That’s why millennials go crazy for RVs


This article is reproduced with permission from The escape house, a newsletter for secondary owners and those who want to be. Subscribe here. © 2021. All rights reserved.

They are no longer strictly the wheels of your grandparents. Remember when recreational vehicles were only associated with retirees? Since the start of the pandemic, the big wheels have continued to turn for millennials and Gen Zers who are increasingly turning to this mode of transportation.

The Escape Home sat down with RV experts Jeff Cavins, co-founder and CEO of Outdoorsy, and Jon Gray, CEO of RVShare, two online RV rental marketplaces, to get a taste of what it looks like the market now and its influence. travel long after the pandemic is over.


Main conclusions:

  • The pandemic has sparked a new zeal for a safe and socially remote motorhome and van life.

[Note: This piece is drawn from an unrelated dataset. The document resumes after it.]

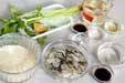 ショウガは皮をむき、細いせん切りにして水に放ちアク抜きする。
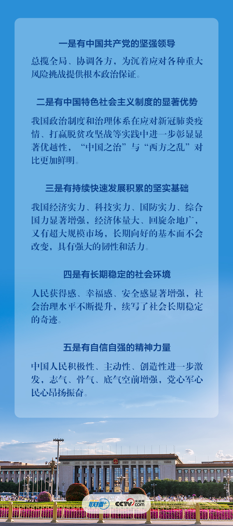 當(dāng)前,國(guó)際形勢(shì)繼續(xù)發(fā)生深刻復(fù)雜變化,百年變局和世紀(jì)疫情相互交織,經(jīng)濟(jì)全球化遭遇逆流,大國(guó)博弈日趨激烈,世界進(jìn)入新的動(dòng)蕩變革期,國(guó)內(nèi)改革發(fā)展穩(wěn)定任務(wù)艱巨繁重。總書記在講話中列舉了我國(guó)發(fā)展中具備的五方面戰(zhàn)略性有利條件:

  • Millennials and Gen Z are at the forefront of the recent wave of VR culture. Half of all Outdoorsy customers are now under 45.

  • Most RV trips take place relatively close to home. According to Cavins, most of the company’s rentals do not travel more than 150 miles from where they are picked up.

  • One of the most common RV destinations is, surprisingly, Las Vegas. Denver, Utah, Southern California, Florida, and Texas are also the best choices. In the summer, people also tend to head north to Montana, Idaho, and the Dakotas.

  • Over 56 million recreational vehicles go idle 97% of the year in North America.

  • You can do a lot money if you have an RV that you are willing to rent.

  • You don’t need to drive a motorhome to spend your vacation there. The owner can drive it or tow it to the desired destination.

  • It is almost impossible to buy a motorhome these days.


When the pandemic struck in early spring 2020, it dampened the recreational vehicle rental market. Cavins saw 95% of Outdoorsy’s bookings disappear, and Gray faced a wave of cancellations and was forced to put some of RVshare employees on leave. The commotion did not last long.

“What happened was really remarkable,” Gray recalls. Americans started to want to get out of their homes and literally go anywhere else. Motorhomes suddenly became the saving grace for a nation hungry for travel.


“The world learned about us and said, ‘Wait a minute. I can travel safely and I can maintain social distancing ”because camping by design is a socially distanced activity. “I can maintain my own contact surfaces inside vehicles… I don’t have to walk into a hotel room someone was living in a few hours ago… I really feel safe,” said Cavins. “And even to this day, people still feel the need for that security.”

As the perfect antidote to the pandemic, Gray said he feels RVShare has accelerated its category progress “by just about five years from last summer.” Likewise, Cavins confirmed that Outdoorsy started this year with growth of over 145%, largely thanks to renters who had never driven an RV before.

And the demographics are changing: Cavins said that a few years ago the average age of a motorhome renter was 62. Today, half of all Outdoorsy customers are under the age of 45, and almost 90% of the company’s growth over the past few years has come from Gen Z and Gen Y.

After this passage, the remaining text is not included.